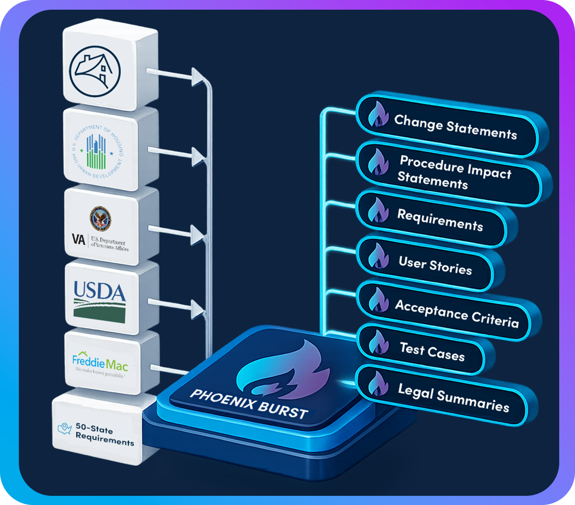 Phoenix Burst is a GenAI-native regulatory change platform for financial institutions. It transforms federal and state regulatory updates into structured, execution-ready artifacts—so teams respond faster, reduce risk, and standardize interpretation.
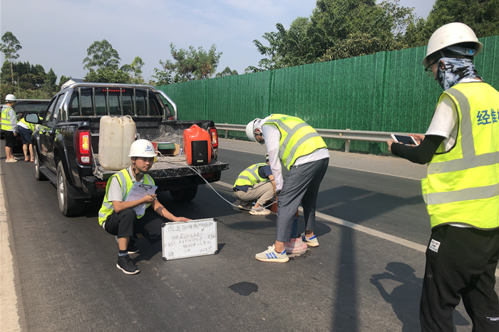 在检测现场,交检公司检测人员熟练的操控仪器,对道路现场进行检测,顺利完成了各项检测工作任务,为以后在炎热天气条件下开展项目综合型、人员团体性的现场检测工作做出了先例和良好的示范作用。
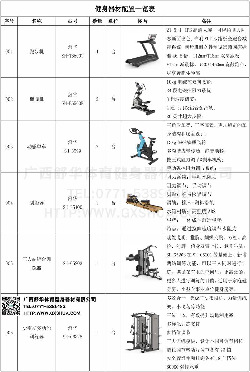 1.米兰X5 PRO高端跑步机SH-T6500T*4台-经典时尚造型配色,简约Z字车架造型,融合各种家居风格,彰显奢华运动质感;21.5英寸高清触控屏-传承动感美学,成就时代典型之作全新升级V3.0系统,支持系统在线升级,极大提升用户交互体验;专利减震跑台-采用SUT双层跑板、全跑台减震系统,且该减震科技获得国家专利,有效减少关节冲击,52cm宽跑台搭配精抽雏形滚筒,稳固不位移;F级马达动力强劲-5.0HP峰值马达,2.5HP持续输出,0~15%坡度调节,最高18km/h时速,胜任不同类型训练;内置9种运动程序,支持场景跑、在线约跑、一键体育考试。不仅可以跑步,还能实时记录运动数据,探索丰富健身课程,边学边跑,拓展运动边界,尽享奔跑体验感。
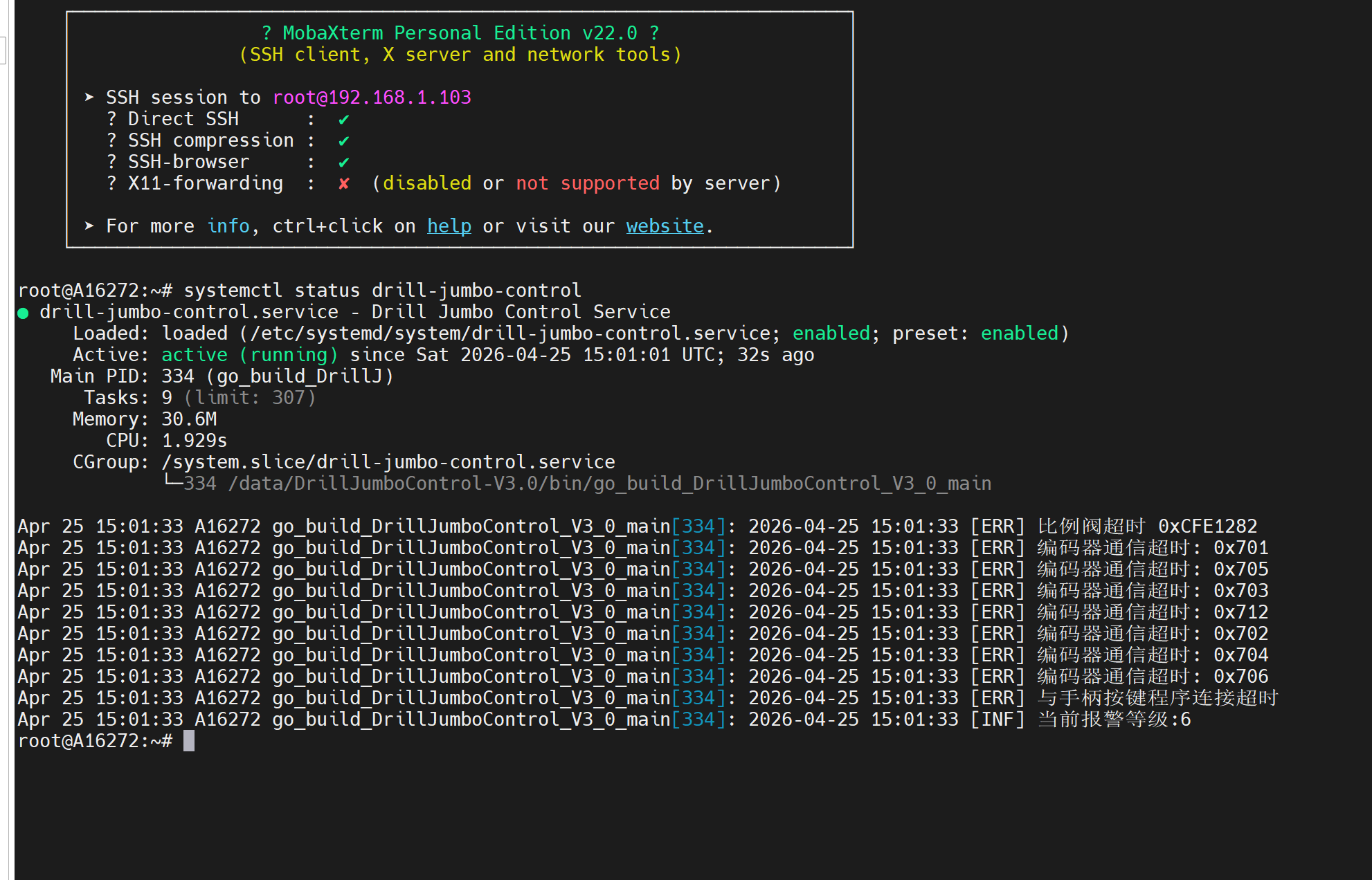 systemctl status drill-jumbo-control
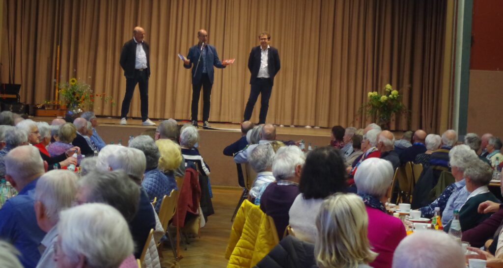 In seiner Rede zur Begrüßung zählte der Bürgermeister die Angebote in Aulendorf auf: Seit zehn Jahren gibt es den offenen Mittagstisch der Katholischen Kirchengemeinde, die Solidarische Gemeinde mit Offenem Bürgertreff hält Angebote bereit (siehe dazu auch Bericht Spielenachmittag bei uns in der Bildschirmzeitung), der Stadtseniorenrat ist mit seiner offenen Sprechstunde donnerstags auf dem Markt erreichbar und bietet Kino, Handarbeiten, Malen, Smartphonehilfe und – neu – auch Gedächtnistraining für Senioren an. Ein ganz tolles Angebot sei auch das ärztliche Primärversorgungsnetzwerk von Dr. Schmidt in der Hauptstraße mit monatlicher Sprechstunde von Sandra Göttel vom Pflegestützpunkt. Bei dieser Gelegenheit informierte Burth über den Stand des neuen Ärztehauses von Dr. Schmidt und seinem Planungsbüro. Man sei mitten im Verfahren des Bebaungsplanes, der voraussichtlich Mitte nächsten Jahres im Gemeinderat verabschiedet werde. Einen konkreten Baubeginn zu nennen, wäre aber unseriös.
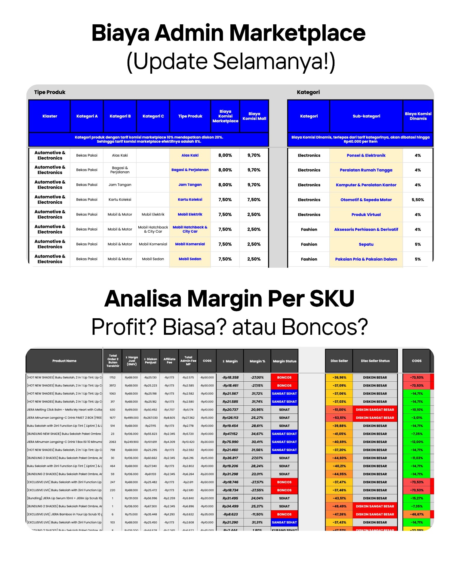 - Database Biaya Admin Marketplace (Update Selamanya) — barometer fee & komisi yang selalu berubah di Shopee/TikTok, jadi perhitungan kamu tetap relevan dan up to date.
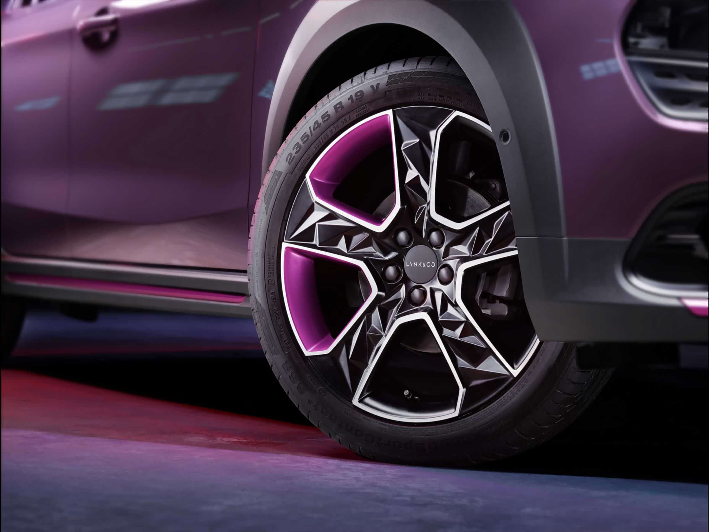 前脸采用了领克家族式的设计语言,两个LED日间行车灯被放置在机盖两侧,真正的照明大灯则被放在格栅两侧,和中间亮黑色格栅融为一体,下方则是黑橙撞色谁的运动包围,最下方还有一条带有红色点缀的运动前铲。

+-------+

- What you are asked to do:
Begin at the line that contains "systemctl status drill-jumbo-control" and transcribe exactly, and only, each line through the final line of the data above, both included; the pictures do not go in.

- Finished exercise:
 systemctl status drill-jumbo-control
 In seiner Rede zur Begrüßung zählte der Bürgermeister die Angebote in Aulendorf auf: Seit zehn Jahren gibt es den offenen Mittagstisch der Katholischen Kirchengemeinde, die Solidarische Gemeinde mit Offenem Bürgertreff hält Angebote bereit (siehe dazu auch Bericht Spielenachmittag bei uns in der Bildschirmzeitung), der Stadtseniorenrat ist mit seiner offenen Sprechstunde donnerstags auf dem Markt erreichbar und bietet Kino, Handarbeiten, Malen, Smartphonehilfe und – neu – auch Gedächtnistraining für Senioren an. Ein ganz tolles Angebot sei auch das ärztliche Primärversorgungsnetzwerk von Dr. Schmidt in der Hauptstraße mit monatlicher Sprechstunde von Sandra Göttel vom Pflegestützpunkt. Bei dieser Gelegenheit informierte Burth über den Stand des neuen Ärztehauses von Dr. Schmidt und seinem Planungsbüro. Man sei mitten im Verfahren des Bebaungsplanes, der voraussichtlich Mitte nächsten Jahres im Gemeinderat verabschiedet werde. Einen konkreten Baubeginn zu nennen, wäre aber unseriös.
 - Database Biaya Admin Marketplace (Update Selamanya) — barometer fee & komisi yang selalu berubah di Shopee/TikTok, jadi perhitungan kamu tetap relevan dan up to date.
 前脸采用了领克家族式的设计语言,两个LED日间行车灯被放置在机盖两侧,真正的照明大灯则被放在格栅两侧,和中间亮黑色格栅融为一体,下方则是黑橙撞色谁的运动包围,最下方还有一条带有红色点缀的运动前铲。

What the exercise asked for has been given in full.